[TOC] C++ 并发实战《C++ Concurrency in Action》的学习笔记 4, 记录第六章的部分 Designing lock-based concurrent data structures. 内容是介绍有锁情况下的 data structure 的设计原则, 并且提供了 stack, queue, hash map, and linked list 的设计范例. 不仅仅考虑 thread safety, 还考虑了 concurrency efficiency 和 exception safety 等等设计思想, 非常值得品读与借鉴.
Chapter 6 Designing lock-based concurrent data structures
Some general guidelines for designing data structures for concurrency.
6.1 What does it mean to design for concurrency?
thread-safe: designing a data structure for concurrency means that multiple threads can access the data structure concurrently, either performing the same or distinct operations, and each thread will see a self-consistent view of the data structure. No data will be lost or corrupted, all invariants will be upheld, and there’ll be no problematic race conditions. 形式 In general, a data structure will be safe only for particular types of concurrent access.
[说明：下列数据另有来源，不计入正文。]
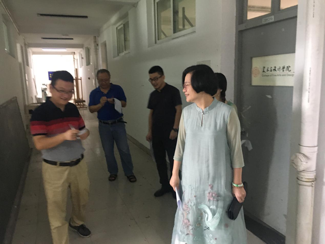 周四上午校领导潘玉驹、部门领导李密、校督导袁建国、美院领导谢子静、胡文超、美院教务科黄呼尔励,听了18美师3班《美术概论》张晓剑老师的课,张老师的课程幽默风趣有内涵。授课导入以3个为什么引导学生参与探讨,引入案例与实际例子引起学生深入思考,通过知识过渡与展开引导学生深化对问题的认识。张老师教态自然,语言表达逻辑强,在讲台、屏幕、学生之间游走保持与学生交流,达到了很好的积极互动与沟通效果,受到了听课领导的一致好评。 为了规范教学程序、提高教学质量、促进教风、学风建设。我院积极推行领导听课制度。领导干部提出宝贵意见,有助于教师发现问题,解决问题。 图:课堂生动打动听课人员 图:授课导入、知识过渡与展开 图:课后研讨 周二开课第一天,院领导谢子静、胡文超、顾任飞、杨丽君、教务科黄呼尔励巡查了我院各教室与课程,对师生们的上课状态及学院开学前教室设备等教学准备予以了肯定。 图:院领导、校督导讨论师生教学状态 图:院领导课间与教师交流 图:院领导探访教师工作室 图:部分课堂场景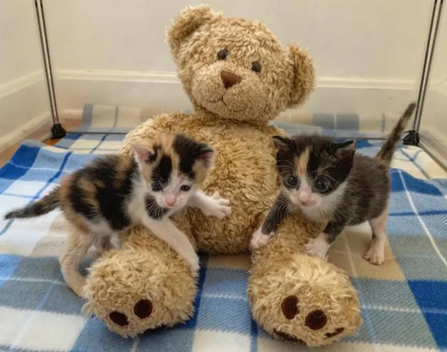 Η Sarah τους έδωσε ένα χαριτωμένο αρκουδάκι για να τους κρατάει συντροφιά. Οι calico αδελφές το αγκάλιασαν αμέσως.

单一操作: It may be possible to have multiple threads performing one type of operation on the data structure concurrently, whereas another operation requires exclusive access by a single thread.
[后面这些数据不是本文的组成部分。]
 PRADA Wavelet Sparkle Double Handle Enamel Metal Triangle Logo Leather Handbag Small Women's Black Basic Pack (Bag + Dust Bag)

不同操作: Alternatively, it may be safe for multiple threads to access a data structure concurrently if they’re performing different actions, whereas multiple threads performing the same action would be problematic.
Truly designing for concurrency means more than that, though: it means providing the opportunity for concurrency to threads accessing the data structure. 不是强制并发.
serialization: threads take turns accessing the data protected by the mutex; they must access it serially rather than concurrently. 序列化依次访问. 此时的原则: the smaller the protected region(越小越好), the fewer operations are serialized, and the greater the potential for concurrency.
6.1.1 Guidelines for designing data structures for concurrency
Two aspects to consider when designing data structures for concurrent access:
safe
不可见: Ensure that no thread can see a state where the invariants of the data structure have been broken by the actions of another thread.
包裹范围: Take care to avoid race conditions inherent in the interface to the data structure by providing functions for complete operations rather than for operation steps.
异常: Pay attention to how the data structure behaves in the presence of exceptions to ensure that the invariants are not broken.
死锁: Minimize the opportunities for deadlock when using the data structure by restricting the scope of locks and avoiding nested locks where possible.
构造/析构函数的特别注意: Generally, constructors and destructors require exclusive access to the data structure, but it’s up to the user to ensure that they’re not accessed before construction is complete or after destruction has started.
enabling genuine concurrent access
Can the scope of locks be restricted to allow some parts of an operation to be performed outside the lock?
Can different parts of the data structure be protected with different mutexes?
Do all operations require the same level of protection?
Can a simple change to the data structure improve the opportunities for concurrency without affecting the operational semantics?
总结成一句话: how can you minimize the amount of serialization that must occur and enable the greatest amount of true concurrency?
6.2 Lock-based concurrent data structures
设计思路: ensuring that the right mutex is locked when accessing the data and that the lock is held for the minimum amount of time.
The only member functions that aren’t safe are the constructors and destructors, but this isn’t a problem; the object can be constructed only once and destroyed only once. The user must ensure that other threads aren’t able to access the stack until it’s fully constructed and must ensure that all threads have ceased accessing the stack before it’s destroyed.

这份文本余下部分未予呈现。